Wednesday, August 29, 2012

I had a Management Meeting today in Washington, Missouri. It's an hour drive from St. Charles, and I always carpool with Lauren's husband Ken, the manager of another store (Tyler and I were in Lauren and Ken's wedding in March). I started to get ready and was shedding a lot of hair, so I decided that was gross and I brushed my hair. Well then it was really fine and ugly looking, so I curled one side... but then I looked really proper, so I straightened my hair and had a middle part, and then Ken was here to pick me up... so I looked like a 70's flower child with long straight blonde hair and a middle part for the meeting. I ended up putting my hair in a ponytail because with straight hair, my dreadlocks pop right out from underneath and look a little scary. Like lucky rabbit feet, right Alyson?

One of the company owners is really excited to do a Good Form Walking clinic at our stores during Customer Appreciation Week in October. She wanted someone knowledgeable on the subject and who believed in it to teach the clinic. No one really had anyone at their stores who fit the description. So... I said, "I've been pose running for a few years, which is Good Form Running with a different name... which is the same thing as Good Form Walking except you're running, and I can tell you about the benefits of running mid-foot as opposed to heel to toe. I believe in it." That's all I said, so now I'm going to teach clinics at each store during October. I don't know what got into me, but I think I'll do a good job.

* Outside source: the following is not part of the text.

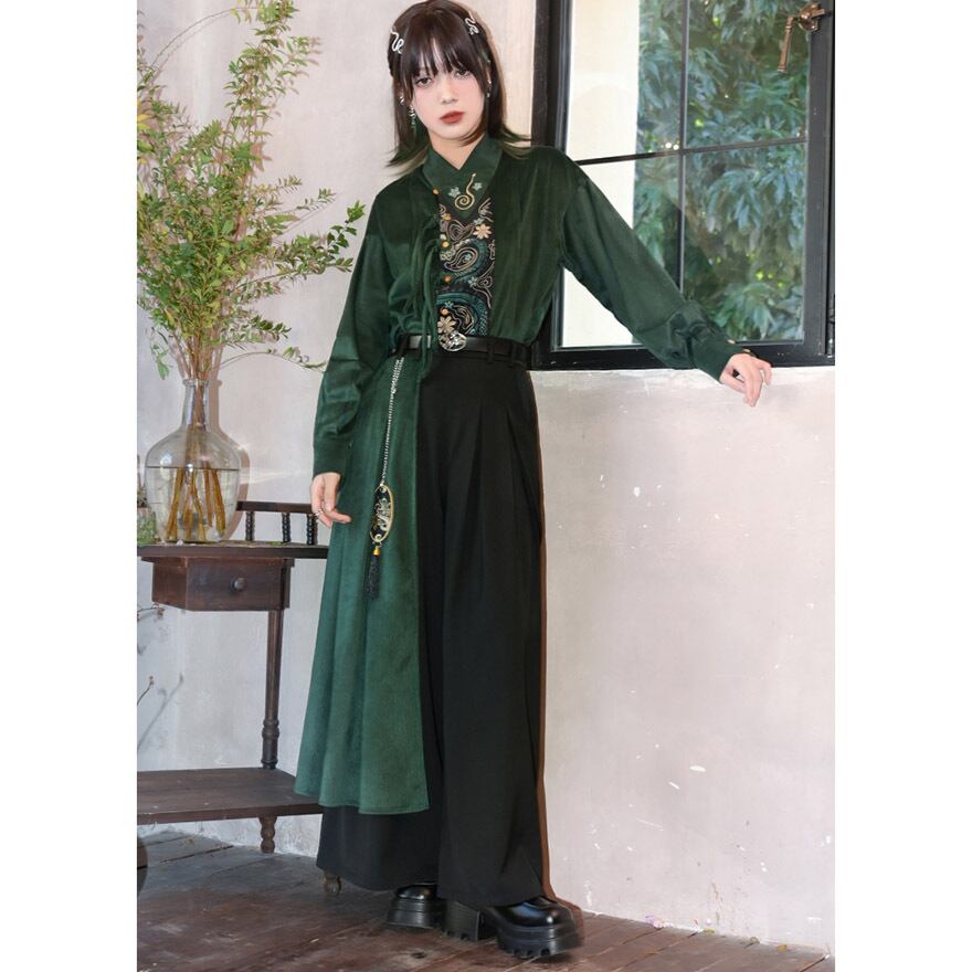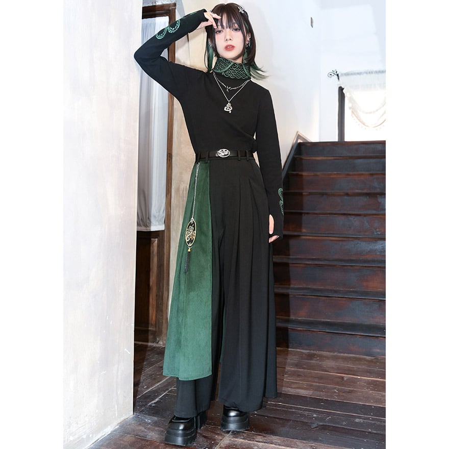 SEASONZ 古怪舎 チャイナ風 ワイドパンツ フレア 重ね着風 ツイード チェーン 袴パンツ レイヤード ハイウエスト 秋冬服 レトロ ゆったり とろみ感 大人ゴシック チャイナファッション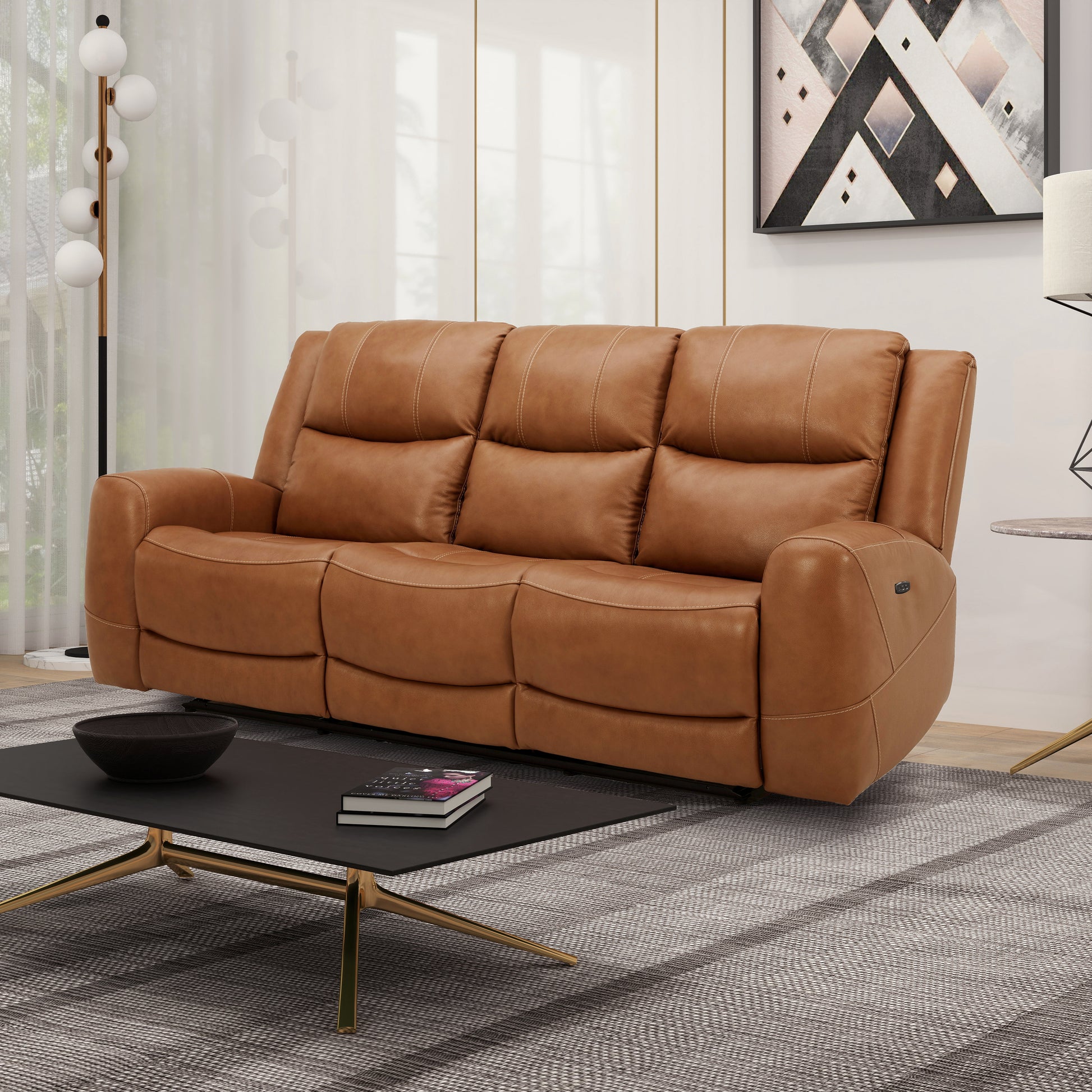 The Roundhill Furniture Cozura Leather Power Recling Living Room Collection brings luxurious comfort and modern style to your living room. The spacious sofa features dual manual reclining seats, operated easily by a side handle, allowing you to unwind and relax with ease. Upholstered in premium leather, the Cozura sofa is both elegant and durable, offering a high-end look without compromising on comfort. With its dual power reclining mechanism and adjustable headrests, you can customize your seating experience with the touch of a button. The loveseat is equipped with a convenient storage console, providing space for remotes, books, or beverages. The Dacron-filled cushions, paired with sinuous spring construction, deliver exceptional support and plush seating. Designed with a solid wood frame for strength and stability, this sofa set is available in two contemporary shades—Chesapeake Blue and Silverado Butternut—making it the perfect centerpiece for any modern living space.

That's pretty much it. I'm going to spend my evening eating pizza and watching a movie with my swollen-glands husband. I'm off work tomorrow!!!!!!!!!!!!!!!!!!!!!!!!!!!!!!!!!!!!!! I am going to go to yoga.. after that it's just a freaking adventure. I will drink coffee. Maybe I'll go for a run? I'll probably smile all day long. I'll probably go for a walk and practice Good Form Walking :) So I can teach it... and I'm going to listen to Beirut all day long and pretend it's Fall.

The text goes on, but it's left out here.